As many users have discovered, KiCad 6.00 will support converting a straight bend to a rounded bend using the “fillet” function to give the layout a better physical appearance. I found this is a great feature.
However, what I’m not sure is whether I should trust it for high-speed, impedance controlled differential signals like SATA, USB 3 or PCIe. The existing differential pair routing mode is well-tested and I know it always creates compliant traces from experience. But how reliable is the “fillet” function? Are the traces still satisfy the differential pair gap design rules at the rounded corner? Is it possible that using the “fillet” can create differential pairs that violates the design rule? Also, what is the recommended fillet radius?
KiCad-nightly V5.99 is released especially for testing purposes.
So backup you work, and try it out on a copy.
One thing you have to be aware of, is that once you save a project in KiCad-nightly V5.99, it can no longer be oped with KiCad V5.1.x. File formats have changed significantly (Especially the schematic)
Thanks for the reply, but I’m sorry to say that this didn’t answer the question. I’m asking the technical properties of the “Fillet” feature, not the precautions to take when using a nightly build, although it’s good to know.
In particular, it appears to me that the “Fillet” feature only considers individual traces, although I tried it on some traces and it seems to give good results, but not taking the diffpair into account is worrisome to me - for example, if the diffpair gap is 5 mil, is it possible that the Fillet feature may silently create a 6-mil gap at some locations without being noticed? Any information on the implementation details or testing experience is appreciated.

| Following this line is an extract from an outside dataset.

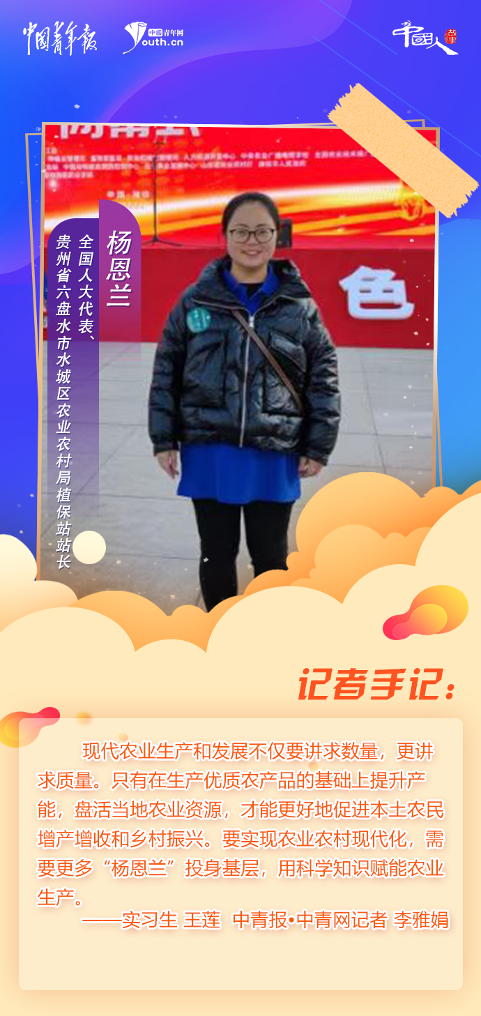 采訪楊恩蘭時(shí),正值六盤水市兩會召開,楊恩蘭忙得不可開交,白天開完代表大會后,晚上又馬不停蹄地回到酒店接受采訪。從學(xué)業(yè)聊到工作,從愛情聊到生活,這名90后出身農(nóng)村,到廣州接受高等教育,又放棄在廣州穩(wěn)定的工作,回到成長的地方。她常說,自己研究生階段所學(xué)專業(yè)更適合在基層做農(nóng)業(yè)推廣,只有深入到田間、與農(nóng)戶交流,才能最大程度地發(fā)揮所長。

The fillet tool is designed for single tracks and does not consider differential pairs specially. That said, it should be no problem to fillet differential pairs if you account for this when determining what radius to use. In order to get a constant gap between the pair members through a corner, the radius of the inside track must be smaller than the radius of the outside track. In other words, both arcs must share a common center point. If you increase the fillet radius by the distance between the track centerlines (i.e. the DP gap plus the DP trace width) for the outside track, you should get a perfect result.